WORK TO COMPLETE >> Print the records below exactly, from the line containing "Team and fans" down to the line containing "Zhongheng cat toilet", both lines included, and omit every picture.

DATA >>
- Opening Delimiter -

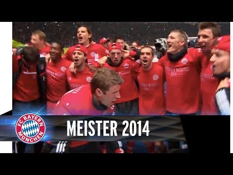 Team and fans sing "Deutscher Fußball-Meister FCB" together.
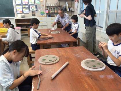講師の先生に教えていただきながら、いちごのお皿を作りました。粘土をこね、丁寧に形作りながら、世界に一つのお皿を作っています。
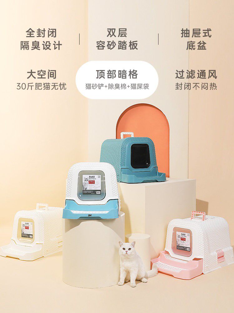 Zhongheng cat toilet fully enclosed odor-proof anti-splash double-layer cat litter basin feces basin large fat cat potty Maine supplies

- Closing Delimiter -
- Opening Delimiter -

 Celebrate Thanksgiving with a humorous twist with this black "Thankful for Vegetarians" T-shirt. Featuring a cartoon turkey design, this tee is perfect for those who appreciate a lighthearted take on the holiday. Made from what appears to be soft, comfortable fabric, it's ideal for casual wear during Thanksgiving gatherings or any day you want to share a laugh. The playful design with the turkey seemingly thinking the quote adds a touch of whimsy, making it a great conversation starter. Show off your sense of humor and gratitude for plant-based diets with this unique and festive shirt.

- Closing Delimiter -

EXERCISE RESPONSE >>
 Team and fans sing "Deutscher Fußball-Meister FCB" together.
講師の先生に教えていただきながら、いちごのお皿を作りました。粘土をこね、丁寧に形作りながら、世界に一つのお皿を作っています。
 Zhongheng cat toilet fully enclosed odor-proof anti-splash double-layer cat litter basin feces basin large fat cat potty Maine supplies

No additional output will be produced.